Console.WriteLine(result.Content);
Console.WriteLine($"Tables: {result.Tables.Count}");
Console.WriteLine($"Metadata: {result.Metadata.FormatType}");

Async Extraction

C#
using Kreuzberg;

var result = await KreuzbergClient.ExtractFileAsync("document.pdf");

Console.WriteLine(result.Content);
Console.WriteLine(result.MimeType);

Extract from Bytes

When you already have file contents in memory, pass the byte array with its MIME type:

C#
using Kreuzberg;

var data = await File.ReadAllBytesAsync("document.pdf");
var result = KreuzbergClient.ExtractBytesSync(data, "application/pdf");

Console.WriteLine(result.Content);
Console.WriteLine(result.MimeType);

Batch Processing

Process multiple files in a single call with automatic parallelization:

C#
using Kreuzberg;

var files = new[] { "doc1.pdf", "doc2.docx", "doc3.pptx" };
var results = KreuzbergClient.BatchExtractFilesSync(files, new ExtractionConfig());

foreach (var result in results)
{
    Console.WriteLine($"Content length: {result.Content.Length}");
}

Configuration

Pass an ExtractionConfig to any extraction method. All fields are optional — defaults work for most cases.

Basic Configuration

C#
using Kreuzberg;

var config = new ExtractionConfig
{
    UseCache = true,
    EnableQualityProcessing = true
};

var result = await KreuzbergClient.ExtractFileAsync("document.pdf", config);
Console.WriteLine(result.Content);

OCR Configuration

C#
using Kreuzberg;

var config = new ExtractionConfig
{
    Ocr = new OcrConfig
    {
        Backend = "tesseract",
        Language = "eng+fra",
        TesseractConfig = new TesseractConfig { Psm = 3 }
    }
};

var result = await KreuzbergClient.ExtractFileAsync("document.pdf", config);
Console.WriteLine(result.Content);

For fine-grained Tesseract tuning (PSM modes, confidence thresholds, table detection):

C#
using Kreuzberg;

var config = new ExtractionConfig
{
    Ocr = new OcrConfig
    {
        Language = "eng+fra+deu",
        TesseractConfig = new TesseractConfig
        {
            Psm = 6,
            Oem = 1,
            MinConfidence = 0.8m,
            EnableTableDetection = true
        }
    }
};

var result = await KreuzbergClient.ExtractFileAsync("document.pdf", config);
Console.WriteLine($"Content: {result.Content[..Math.Min(100, result.Content.Length)]}");

See OCR Guide for backend options and language setup.

Load from File

Kreuzberg discovers configuration files automatically by walking up the directory tree, or you can load from an explicit path:

C#
using Kreuzberg;

var config = new ExtractionConfig();
var result = await KreuzbergClient.ExtractFileAsync("document.pdf", config);

Console.WriteLine(result.Content[..Math.Min(100, result.Content.Length)]);
Console.WriteLine($"Total length: {result.Content.Length}");

See Configuration Guide for file formats (TOML, YAML, JSON) and discovery order.

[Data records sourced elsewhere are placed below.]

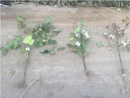 為了驗證其在棉花上的抗病效果,華宏技術團隊于2016年首次在該棉田進行試驗,試驗全部采用棉花膜下滴灌栽培技術,從4月下旬播種期開始到9月取樣測產(chǎn),分別在試驗區(qū)和對照區(qū)各選三個調查點進行定點調查棉花長勢。試驗發(fā)現(xiàn),施用“神鋤”的棉花在蕾期、花鈴期、鈴期、枯黃萎病病株均明顯低于未施“神鋤”的種植地,未施“神鋤”的對照區(qū)棉花在三個生育期發(fā)病率分別較施用“神鋤”的棉花增加89.4%、88.0%、84.9%,而且出現(xiàn)黃枯萎病的棉花以及整株干枯死亡的現(xiàn)象。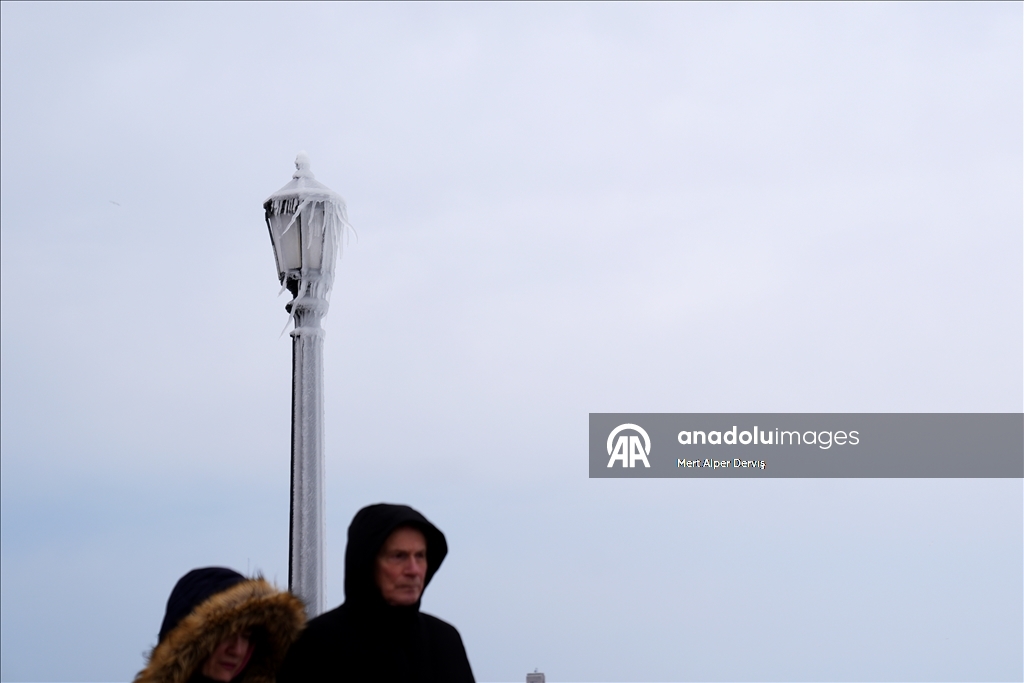 NIAGARA FALLS, CANADA - FEBRUARY 10 : Ice builds up on a lamp post as the Niagara Falls partially freezes amid below-freezing temperatures in Ontario, Canada on February 10, 2026. ( Mert Alper Dervış - Anadolu Agency )Mert Alper Dervış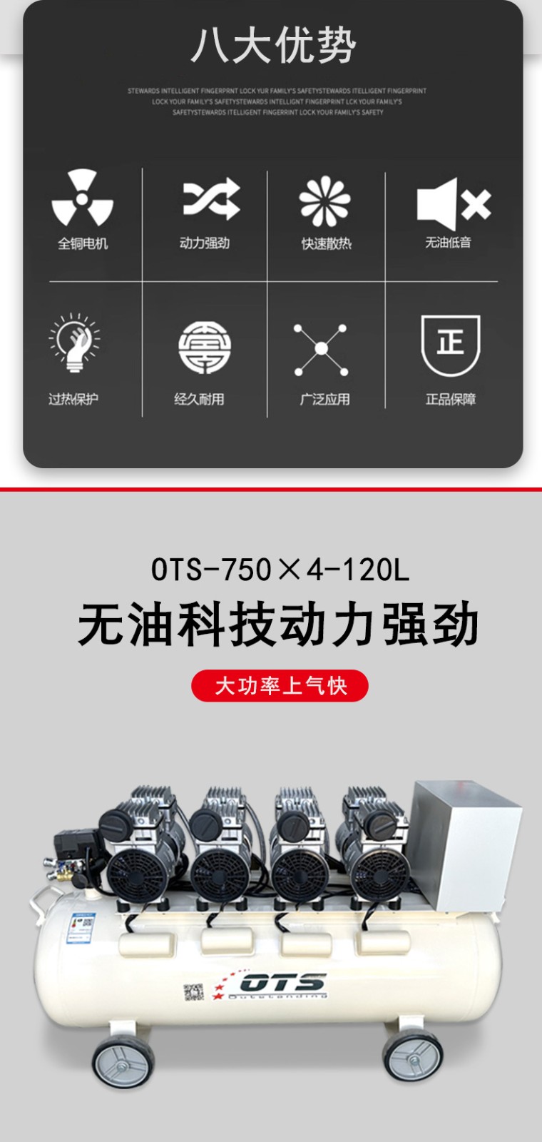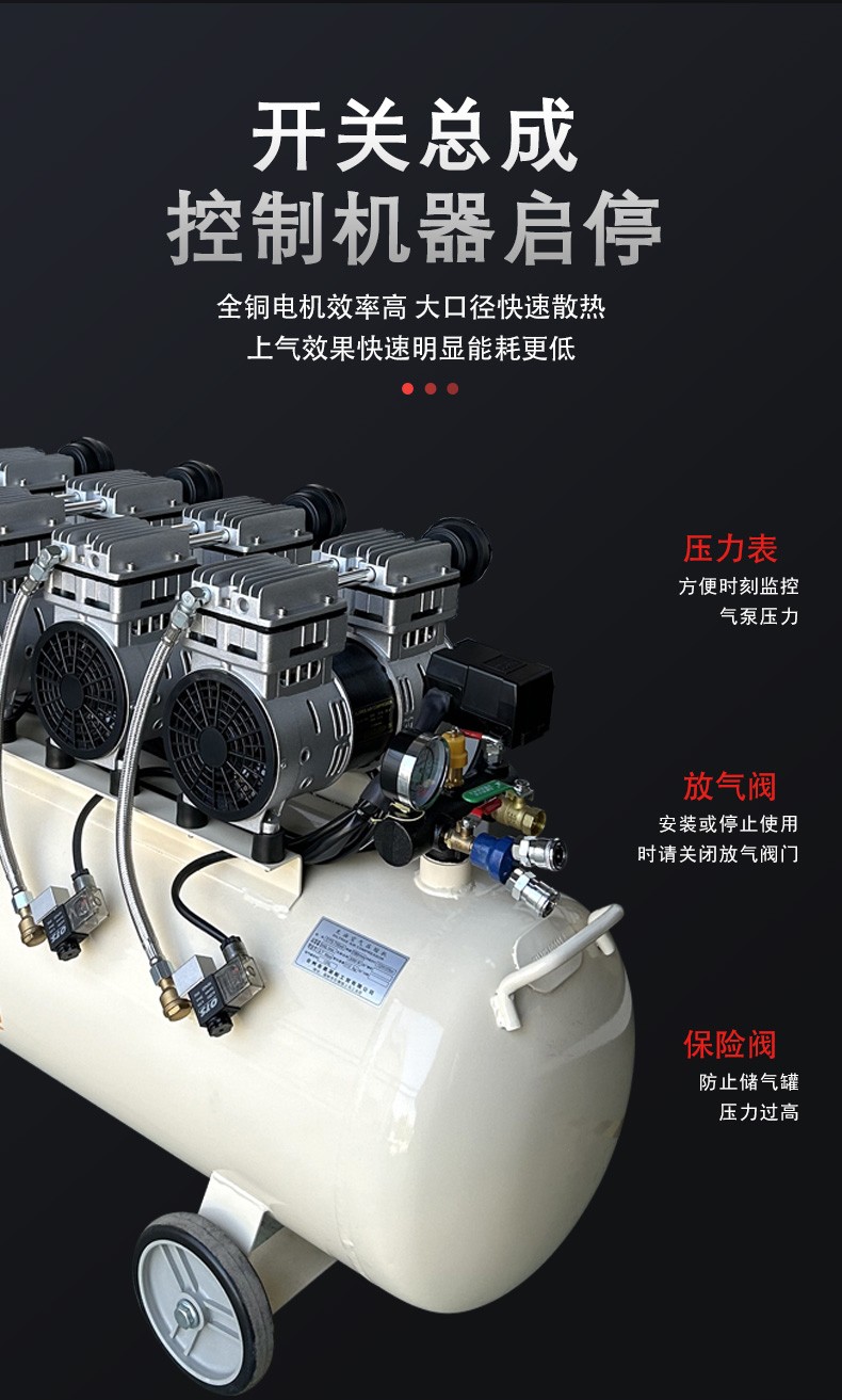 內部壓縮腔無潤滑油參與,依靠自潤滑材料(如石墨、PTFE 涂層、陶瓷部件)或水潤滑實現活塞 / 轉子的運轉。壓縮后的空氣不含油霧、油蒸氣,潔凈度高,可直接用于對氣體純度有要求的場景。

Full Configuration Example

C#
using Kreuzberg;

var config = new ExtractionConfig
{
    UseCache = true,
    EnableQualityProcessing = true,
    Ocr = new OcrConfig
    {
        Backend = "tesseract",
        Language = "eng+fra",
        TesseractConfig = new TesseractConfig { Psm = 3 }
    },
    PdfOptions = new PdfConfig { ExtractImages = true },
    Chunking = new ChunkingConfig
    {
        MaxChars = 1000,
        MaxOverlap = 200,
        Embedding = new EmbeddingConfig
        {
            Model = EmbeddingModelType.Preset("all-MiniLM-L6-v2")
        }
    }
};

var result = await KreuzbergClient.ExtractFileAsync("document.pdf", config);
Console.WriteLine($"Content: {result.Content[..Math.Min(100, result.Content.Length)]}");

Working with Results

Tables

C#
using Kreuzberg;

var result = KreuzbergClient.ExtractFileSync("document.pdf", new ExtractionConfig());

foreach (var table in result.Tables)
{
    Console.WriteLine($"Table with {table.Cells.Count} rows");
    Console.WriteLine(table.Markdown);

    foreach (var row in table.Cells)
    {
        Console.WriteLine(string.Join(" | ", row));
    }
}

Metadata

C#
using Kreuzberg;

var config = new ExtractionConfig
{
    PdfOptions = new PdfConfig { ExtractMetadata = true }
};

var result = KreuzbergClient.ExtractFileSync("document.pdf", config);

if (result.Metadata?.Format.Pdf != null)
{
    var pdfMeta = result.Metadata.Format.Pdf;
    Console.WriteLine($"Pages: {pdfMeta.PageCount}");
    Console.WriteLine($"Author: {pdfMeta.Author}");
    Console.WriteLine($"Title: {pdfMeta.Title}");
}

var htmlResult = KreuzbergClient.ExtractFileSync("page.html", config);
if (htmlResult.Metadata?.Format.Html != null)
{
    var htmlMeta = htmlResult.Metadata.Format.Html;
    Console.WriteLine($"Title: {htmlMeta.Title}");
    Console.WriteLine($"Description: {htmlMeta.Description}");

    // Access keywords as array
    if (htmlMeta.Keywords != null && htmlMeta.Keywords.Count > 0)
    {
        Console.WriteLine($"Keywords: {string.Join(", ", htmlMeta.Keywords)}");
    }

    // Access canonical URL (renamed from canonical)
    if (htmlMeta.CanonicalUrl != null)
    {
        Console.WriteLine($"Canonical URL: {htmlMeta.CanonicalUrl}");
    }

    // Access Open Graph fields from dictionary
    if (htmlMeta.OpenGraph != null && htmlMeta.OpenGraph.Count > 0)
    {
        if (htmlMeta.OpenGraph.ContainsKey("image"))
            Console.WriteLine($"Open Graph Image: {htmlMeta.OpenGraph["image"]}");
        if (htmlMeta.OpenGraph.ContainsKey("title"))
            Console.WriteLine($"Open Graph Title: {htmlMeta.OpenGraph["title"]}");
        if (htmlMeta.OpenGraph.ContainsKey("type"))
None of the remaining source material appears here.